Гай Юлий Цезарь Октавиан. Мрамор. Ленинград, Государственный Эрмитаж


(VI, 13) Но так как тех, кого я назвал, столь многочисленных и столь выдающихся мужей, государство уже лишилось, то перейдем к живым, а их из числа консуляров осталось двое. Луций Котта[2373], муж выдающихся дарований и величайшего ума, после тех событий, которые ты осуждаешь, в весьма лестных для меня выражениях подал голос за назначение молебствия, а те самые консуляры, которых я только что назвал, и весь сенат согласились с ним, а со времени основания нашего города этот почет до меня ни одному человеку, носящему тогу, оказан не был[2374]. (14) А Луций Цезарь[2375], твой дядя по матери? Какую речь, с какой непоколебимостью, с какой убедительностью произнес он, подавая голос против мужа своей сестры, твоего отчима![2376] Хотя ты во всех своих замыслах и во всей своей жизни должен был бы смотреть на Луция Цезаря как на руководителя и наставника, ты предпочел быть похожим на отчима, а не на дядю. Его советами, в бытность свою консулом, пользовался я, чужой ему человек. А ты, сын его сестры? Обратился ли ты когда-либо к нему за советом насчет положения государства? Но к кому же обращается он? Бессмертные боги! Как видно, к тем, о чьих даже днях рожденья мы вынуждены узнавать! (15) Сегодня Антоний на форум не спускался. Почему? Он устраивает в своем загородном имении празднество по случаю дня рождения. Для кого? Имен называть не стану. Положим — или для какого-то Формиона, или для Гнафона, а там даже и для Баллиона[2377]. О, гнусная мерзость! О, нестерпимое бесстыдство, ничтожность, разврат этого человека!
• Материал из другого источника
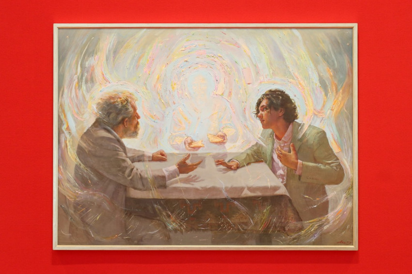– Atlasz Gábor festményét azért szeretem, mert Caravaggio emblematikus Emmauszi vacsoráján kívül nem nagyon találunk olyan ábrázolást, amely hasonló drámaisággal értelmezné a Szentírás szövegét. Pedig ez kulcsjelenet az Eucharisztia titkának megértésében. Egy olyan csodás esemény, amelyen keresztül az igazságra, a valóságra, Jézus folytonos jelenvalóságára tudtak következtetni az apostolok. A kiállításra készülve, a gyűjteményünket és különböző művészi életműveket szemlézve nem került elém olyan alkotás, amely a tanítványok felismerését, a kenyértörés jelentőségét mai módon kifejezte volna. Atlasz Gáborral korábban már dolgoztam, így ismerem a munkáit, és tudom, hogy mélyen foglalkoztatja a fény szerepe a reális és a transzcendentális világ kapcsolatának megjelenítésében. Néhány hónappal ezelőtt megkerestem, megkértem, hogy foglalkozzon a témával, és vegye figyelembe a kiállítás formálódó koncepcióját, vagyis a csodákon túlmutató, az átlényegülés fogalmával leírható liturgikus Isten–ember-kapcsolat bemutatásának szándékát. Annyira belelkesült, hogy rögtön vázlatokat készített, majd a kész műben igazi kortárs ― a figurális és az absztrakt festészet határán mozgó –, mély értelmű alkotás született általa.

Хотя первоприсутствующий в сенате, гражданин исключительного достоинства — твой близкий родственник, но ты к нему по поводу положения государства не обращаешься; ты обращаешься к тем, которые своего достояния не имеют, а твое проматывают!

(VII) Твое консульство, видимо, было спасительным; губительным было мое. Неужели ты до такой степени вместе со стыдливостью утратил и всякий стыд, что осмелился сказать это в том самом храме, где я совещался с сенатом, стоявшим некогда, в расцвете своей славы, во главе всего мира, и где ты собрал отъявленных негодяев с мечами в руках? (16) Но ты даже осмелился — на что только не осмелишься ты? — сказать, что в мое консульство капитолийский склон заполнили вооруженные рабы[2378]. Пожалуй, именно для того, чтобы сенат вынес в ту пору свои преступные постановления, и я пытался применить насилие к сенату! О, жалкий человек! Тебе либо ничего об этом не известно (ведь о честных поступках ты не знаешь ничего), либо, если известно, то как ты смеешь столь бесстыдно говорить в присутствии таких мужей! В самом деле, какой римский всадник, какой, кроме тебя, знатный юноша, какой человек из любого сословия, помнивший о том, что он — гражданин, не находился на капитолийском склоне, когда сенат собрался в этом храме? Кто только не внес своего имени в списки? Впрочем, писцы даже не могли справиться с работой, а списки не могли вместить имен всех явившихся. (17) И право, когда нечестивцы сознались в покушении на отцеубийство отчизны и, изобличенные показаниями своих соучастников, своим почерком, чуть ли не голосом своих писем, признали, что сговорились город Рим предать пламени, граждан истребить, разорить Италию, уничтожить государство, то мог ли найтись человек, который бы не поднялся на защиту всеобщей неприкосновенности, тем более, что у сената и римского народа тогда был такой руководитель[2379], при котором, будь ныне кто-нибудь, подобный ему, тебя постигла бы та же участь, какую испытали те люди?

Перейти на страницу:

Все книги серии Литературные памятники

Похожие книги

1917 год. Распад
1917 год. Распад

Фундаментальный труд российского историка О. Р. Айрапетова об участии Российской империи в Первой мировой войне является попыткой объединить анализ внешней, военной, внутренней и экономической политики Российской империи в 1914–1917 годов (до Февральской революции 1917 г.) с учетом предвоенного периода, особенности которого предопределили развитие и формы внешне– и внутриполитических конфликтов в погибшей в 1917 году стране.В четвертом, заключительном томе "1917. Распад" повествуется о взаимосвязи военных и революционных событий в России начала XX века, анализируются результаты свержения монархии и прихода к власти большевиков, повлиявшие на исход и последствия войны.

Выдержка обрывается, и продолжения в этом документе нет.